2 Package Installation

2.1 Prerequisites

The package itself doesn’t need anything outside of R, but one of the dependant packages rjava needs some prerequisites. Since preparing the prerequisites may be complicated sometimes, they are briefly described in this section.

In a 32 bit windows, 32 bit version of Java Runtime Environment must be installed first. In a 64 bit windows, it is highly recommended that both 32 and 64 bit versions of Java Runtime Environment be installed.

In ubuntu, run the following commands in terminal in the same order as specified:

sudo apt-get install default-jdk

sudo R CMD javareconf

sudo apt-get install r-cran-rjava

sudo apt-get install libgdal1-dev libproj-dev

export LD_LIBRARY_PATH=/usr/lib/jvm/jre/lib/amd64:/usr/lib/jvm/jre/lib/amd64/default

sudo apt-get install libcurl4-openssl-dev libssl-dev

2.2 Installation and Loading

The package can be installed via BiocManager::install:

if (!requireNamespace("BiocManager", quietly=TRUE))
    install.packages("BiocManager")
BiocManager::install("cbaf", dependencies = TRUE)

After that, the pachage can be loaded into R workspace by

library(cbaf)

3 How to Use the cbaf

The package contains seven low-level functions: availableData(), obtainOneStudy(), obtainMultipleStudies(), automatedStatistics(), heatmapOutput(), xlsxOutput() and cleanDatabase().

In addition, there are also two high-level functions, processOneStudy() and processMultipleStudies(), that execute some of the mentioned functions in an ordered manner to speed up the overal process.

It is recommended that users only work with two low-level functions - availableData() and cleanDatabase() - directly, since they are independant of other low-level functions. For the rest, please use high-level functions instead. This allows all functions to work with a higher efficiency.

3.1 Low-level Functions

3.1.1 availableData()

This function scans all the cancer studies to examine presence of RNA-Seq, microRNA-Seq, microarray and methylation data. It requires a name to label the output excel file. In the following example, the entered name is "list.2017-11-05".

availableData("list.2017-11-05")

Upon finishing, the output excel file is accessible at the present (working) directory. It contains different columns: cancer_study_id, cancer_study_name, RNA.Seq, microRNA.Seq, microarray of mRNA, microarray of miRNA, methylation and description.

if there is already an excel file with the given name in the working directory, the function prints a message, asking the user whether or not it should proceeds. If the answer is no, the function prints a message to inform the user that it has stopped further processing. If the user types yes, availableData() will overwrite the excel file after it has obtained the requested data.

3.1.2 obtainOneStudy()

This function obtains and stores the supported data for at least one group of genes across multiple subgroups of a cancer study. In addion, it can check whether or not all genes are included in different subgroups of a cancer study and, if not, looks for the alternative gene names.

It requires at least four arguments:

genesList, a list that contains at least one gene group. There is no limit on the number of gene groups, users can set as many as gene groups they desire.
submissionName, a character string containing name of interest. It is used for naming the process.
studyName, a character string showing the desired cancer name. It is an standard cancer study name that exists on cbioportal.org, such as Acute Myeloid Leukemia (TCGA, NEJM 2013).
desiredTechnique, one of the five supported high-throughput studies: RNA-Seq, microRNA-Seq, microarray.mRNA, microarray.microRNA or methylation.
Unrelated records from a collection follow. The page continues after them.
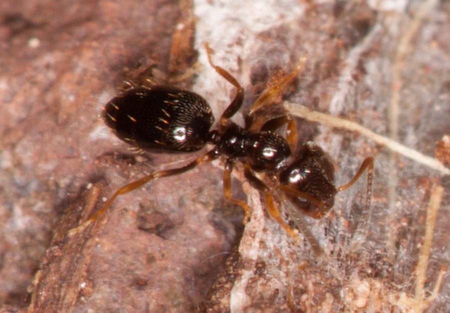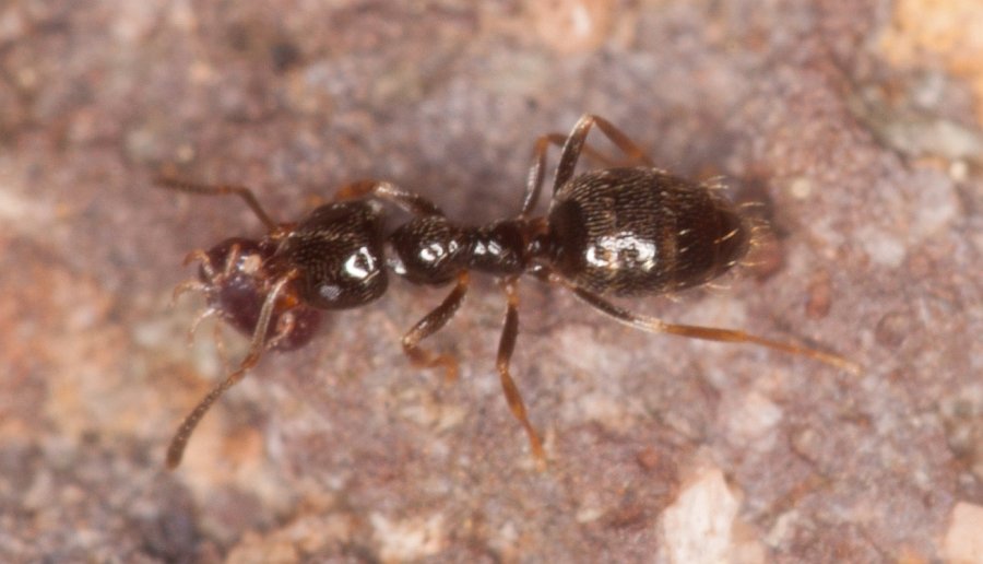gestern fand ich mehrere, einzelne, wieder winzig kleine Ameisen an einem felsigen Trockenhang. Sie waren leider sehr schnell unterwegs, so daß es mit dem Foto eher eine Sache des Glücks war. Ich würde das für Plagiolepis halten wollen. Aufgrund der im Seifert erwähnten Verbreitung käme wohl nur Plagiolepis vindobonensis in Frage, aber eine Artbestimmung erwarte ich natürlich nicht. Die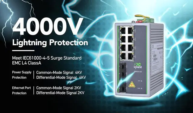 Lightning Protection InHand ISM5012D provides high-quality industrial protection with a wide operating temperature, -40~+85, so it can operate stably for a long time at high and low temperatures. It meets EMC level 4 standard and IP40 protection against harsh weather like thunderstorms.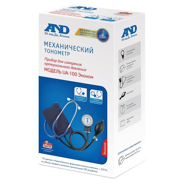 ПРИБОР ДЛЯ ИЗМЕРЕНИЯ АРТЕРИАЛЬНОГО ДАВЛЕНИЯ UA-100 ЭКОНОМ - прибор для измерения артериального давления аускультативным методом (метод Короткова). Механический прибор для измерения артериального давления AND UA-100 со встроенным стетоскопом обеспечивает простое и точное измерение артериального давления. Страна происхождения: Япония. Страна производства: Китай.
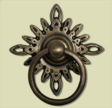 Handcrafted Hardware HRP5012: 3" Ring Pull with Star Backplate in Unlacquered Antique Brass finish. Forged in solid brass, this ring pull with a beautiful shining star design backplate. A truly stunning piece of cabinet hardware. Mounting hardware included. Standard finish is unlacquered Antique Brass. Other finishes are available by special order. Other finishes include: Polished Brass, Polished Nickel, Brushed Nickel, Antique Copper, Verdigris, Copper, Antique Black, Polished Chrome and Brushed Chrome. A 40% upcharge to the MSRP list price is charged, a minimum order of 5 pieces is required and special orders are non-refundable. Expect a 4 to 8 week lead time for special orders. Please contact Customer Service for assistance with special orders.

Function also contains two other options:

desiredCaseList a numeric vector that contains the index of desired cancer subgroups, assuming the user knows index of desired subgroups. If not, desiredCaseList must be set as ‘none’, function will show the available subgroups asking the user to enter the desired ones during the process. The default value is ‘none’.
validateGenes a logical value that, if set to be TRUE, function will check each cancer subgroup to find whether or not every gene has a record. If the subgroup doesn’t have a record for the specific gene, function checks for alternative gene names that cbioportal might use instead of the given gene name.
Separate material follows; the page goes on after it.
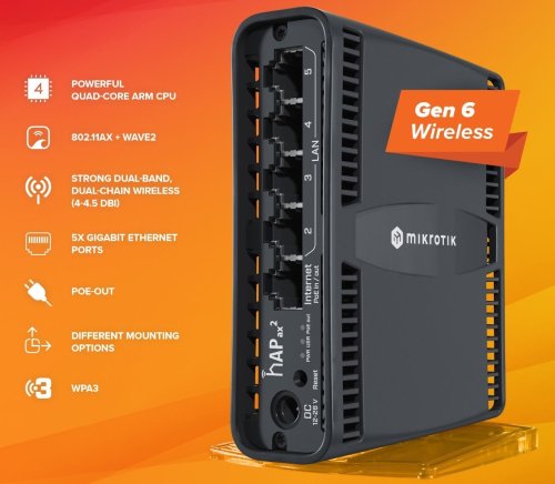 Domácí Wi-Fi router MikroTik hAP ax2 v provedení dual-band je malé zařízení s excelentním poměrem cena / výkon, které lze namontovat vertikálně i horizontálně bez jakýchkoliv kompromisů na sílu a stabilitu signálu. Podporuje nejmodernější standard 802.11ax Wave2, který přináší lepší multitasking, 2násobně vyšší propustnost kanálu a rozšířenou podporu pro 5GHz připojení. Bezdrátový signál je tak silnější než kdy jindy – až o 40 % vyšší rychlost v 5 GHz a až o 90 % vyšší rychlost ve spektru 2,4 GHz!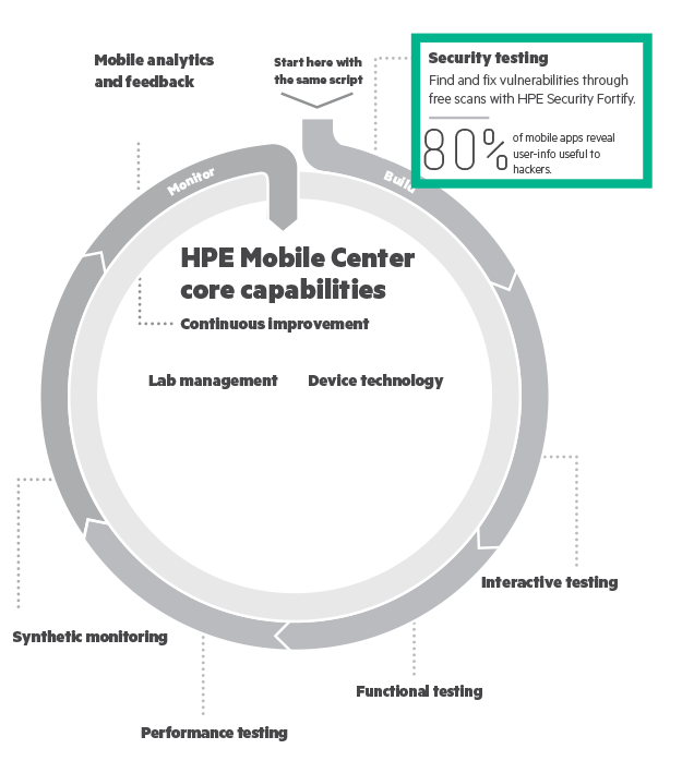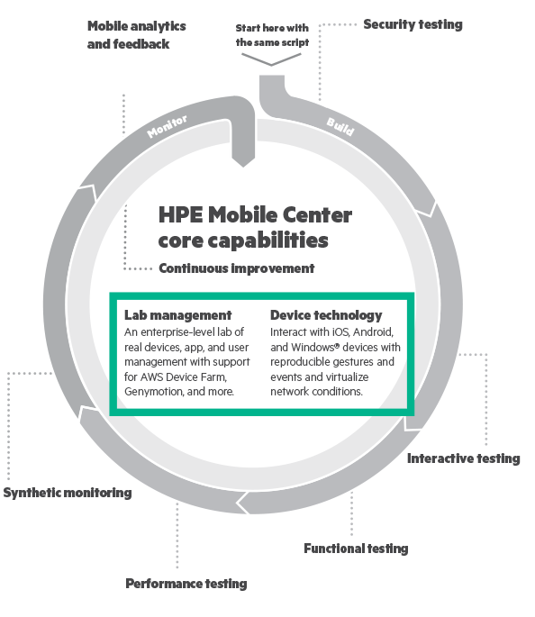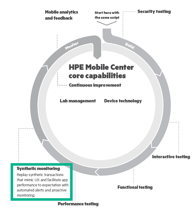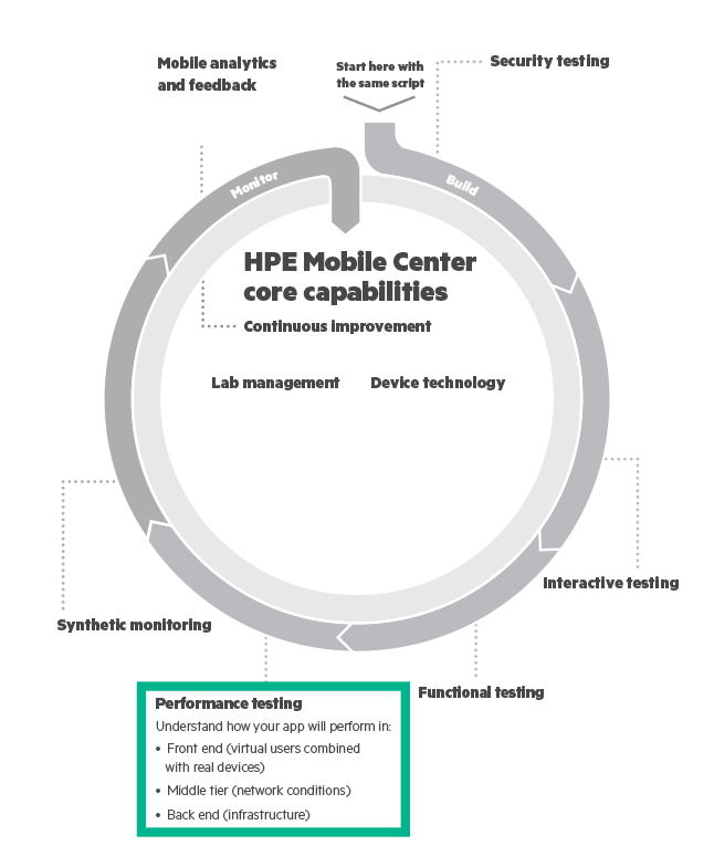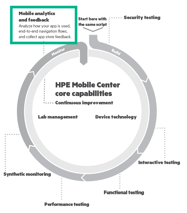 HPE Mobile Center software is the single gateway that enables you to redefine the mobile experience by delivering a predictable and repeatable mechanism for testing, monitoring, and improving your mobile apps throughout its lifecycle.

Consider the following example, where genes consists of two gene groups K.demethylases and K.acetyltransferases, submissionName is test, cancername is Breast Invasive Carcinoma (TCGA, Cell 2015) and the desiredTechnique is RNA-Seq. If desired.case.list = "none", all subgroups of the requested cancer study appear on console, function asks the user to choose the index of desired subgroups. Alterntively, user can enter the index of desired cases by changing the argument desired.case.list = "none" to, e.g. desiredCaseList = c(2,3,4,5). After the user has entered the desired subgroups, function continues by getting the data and informs the user with a progress bar.

genes <- list(K.demethylases = c("KDM1A", "KDM1B", "KDM2A"), K.acetyltransferases = c("CLOCK", "CREBBP", "ELP3", "EP300"))
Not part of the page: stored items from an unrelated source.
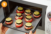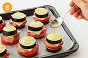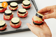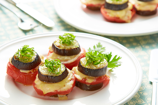 チーズは最後にのせてもOK!なすとトマトの大きさを合わせるときれいです。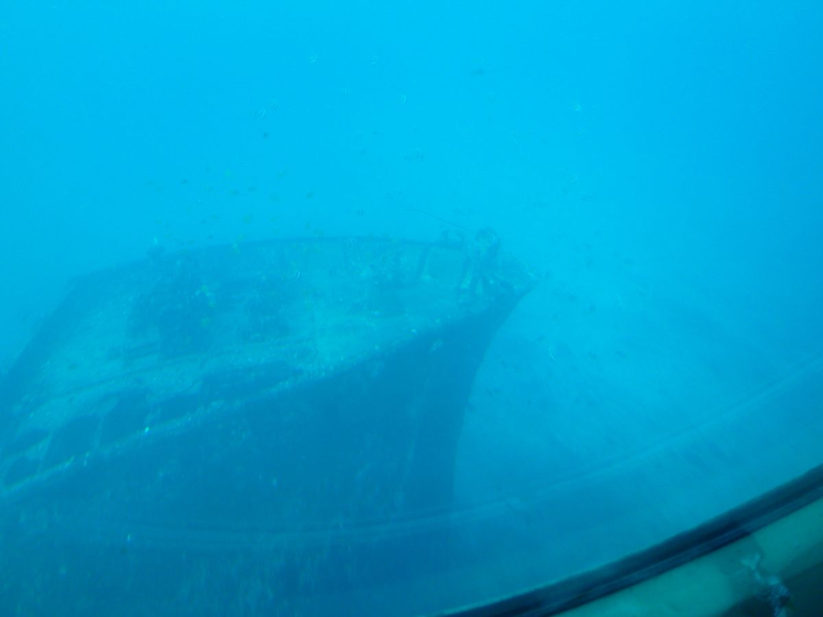 - You take a boat to reach the submarine, and the scenery is nice just offshore.
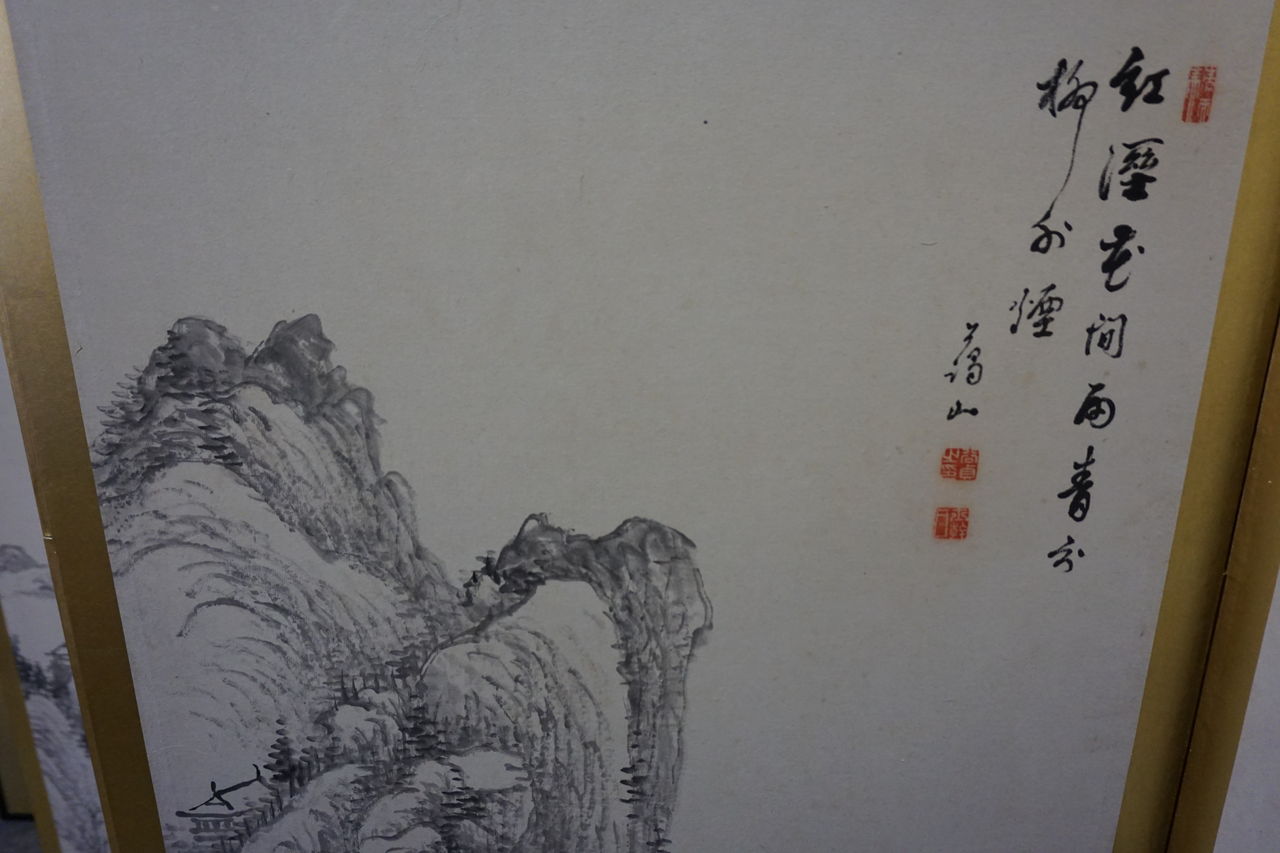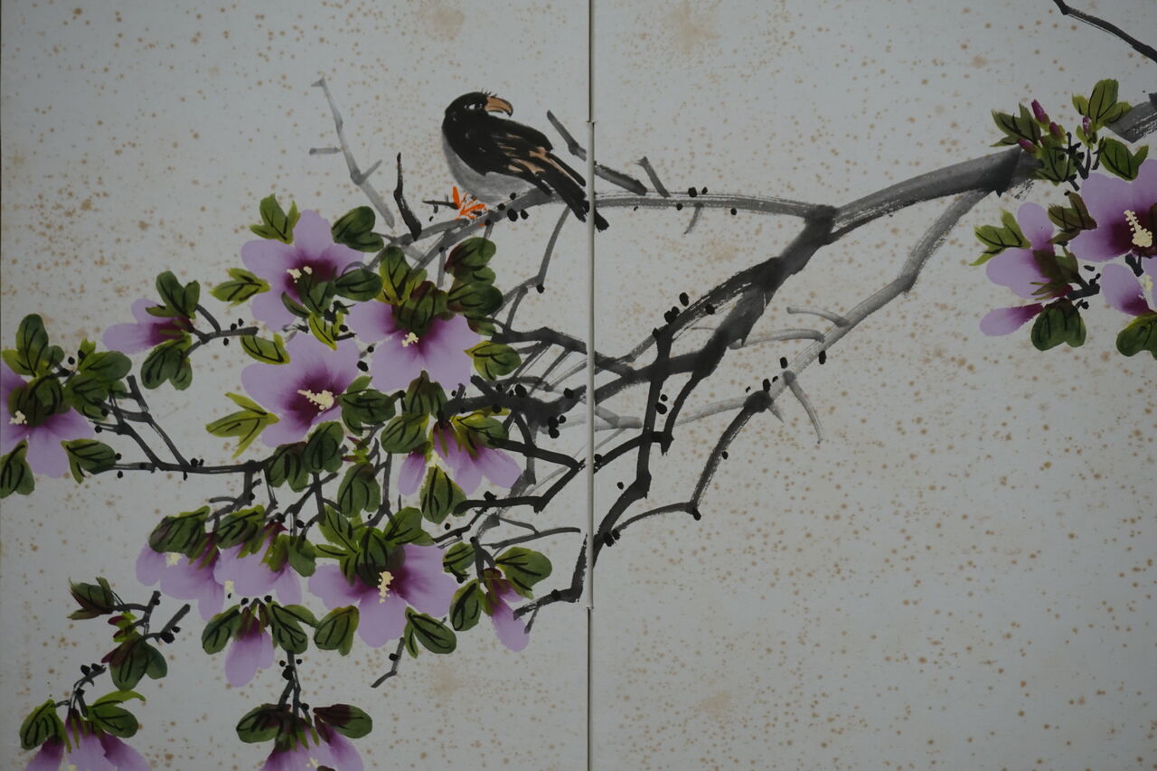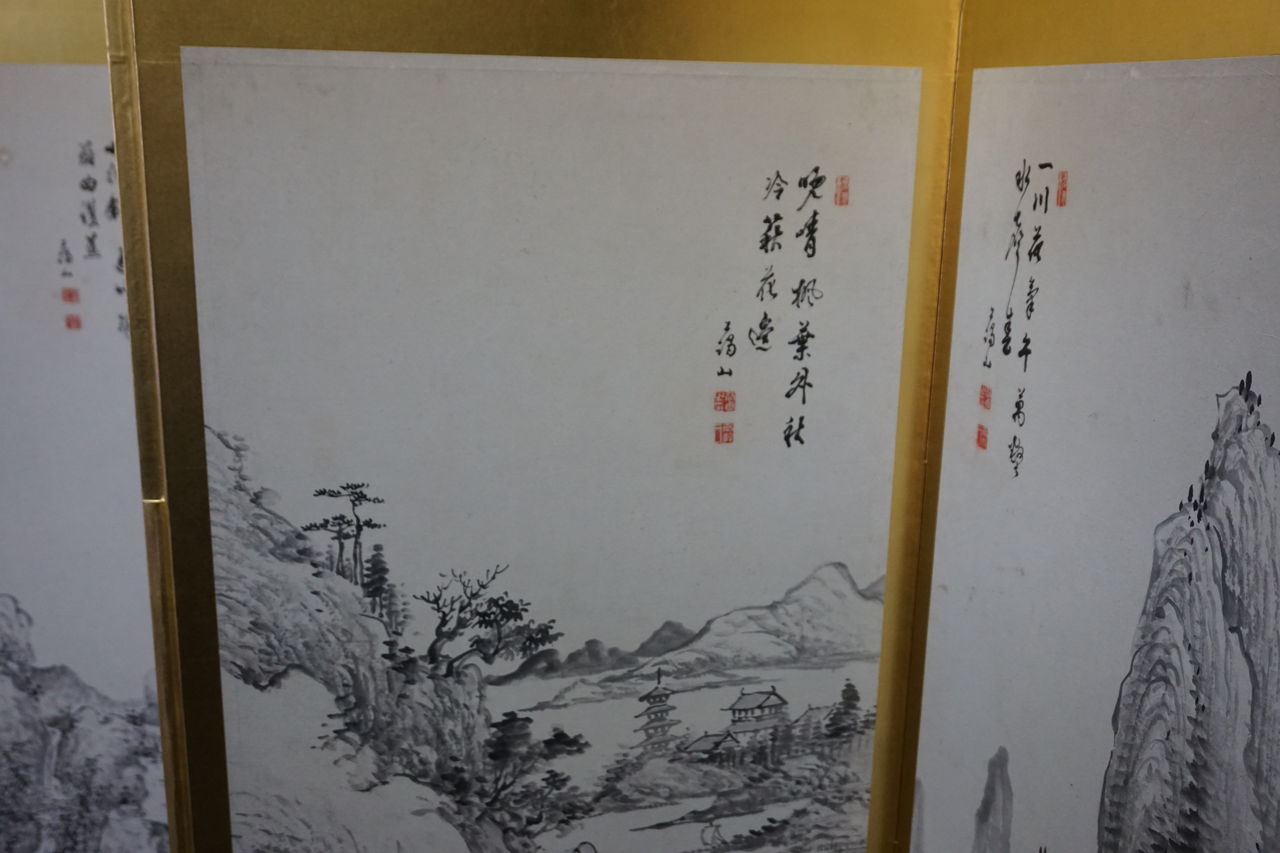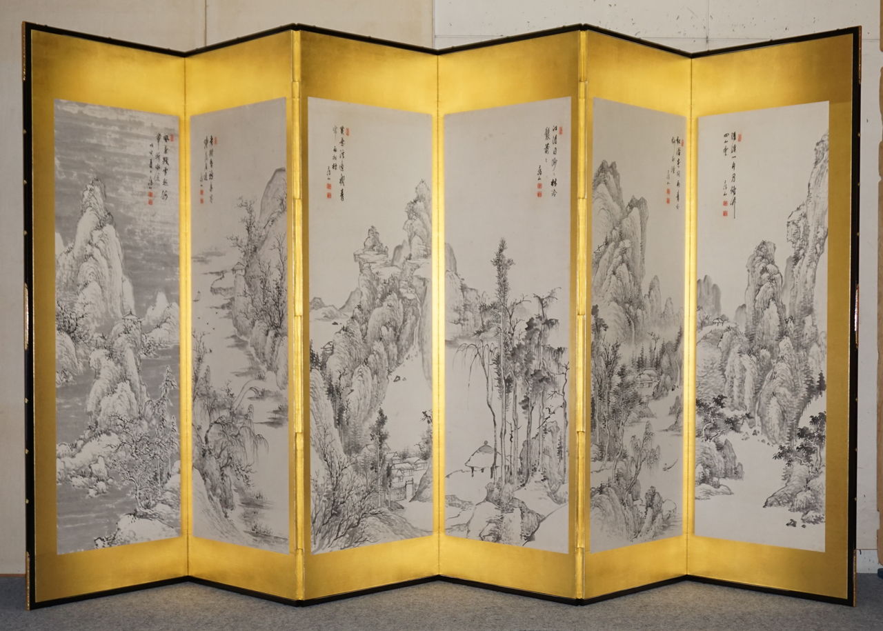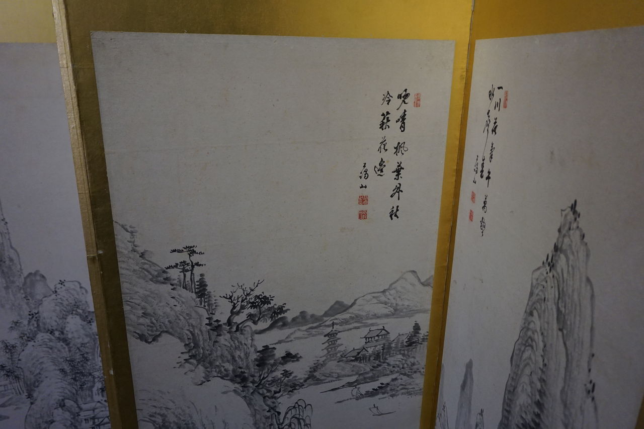 韓国で仕立てられた屏風と8枚の絵。

obtainOneStudy(genes, "test", "Breast Invasive Carcinoma (TCGA, Cell 2015)", "RNA-Seq", desiredCaseList = c(2,3,4,5))

## Current schema_version 0.99.1 is out-of-date.
## 
## Current Version will NOT work as expect.
## Recommend Updating to lastest schema_version.
## Notable Changes:
##   1. Web Resource 'rpath' stored as relative path
##   2. Default last_modified time for
##      local/relative/nondownloaded/last_modified_notfound
##      resources is NA not Sys.Date
##   3. Added etag to schema
##   4. Added expires to schema

## Warning in .sql_migration(bfc): BiocFileCache schema not updated
##   bfccache(): /tmp/RtmpmkhSGu/Rinst72554f46947d/cbaf/extdata/test

## --- 'test' and 'test2' databases contain sample data and therefore, are not changable. Please use a different submission name. ---

## --- Function 'obtainOneStudy()' was skipped: the requested data already exist ---

3.1.3 obtainMultipleStudies()

This function obtains and stores the supported data for at least one group of genes across multiple cancer studies. It can check whether or not all genes are included in each cancer study and, if not, it looks for the alternative gene names.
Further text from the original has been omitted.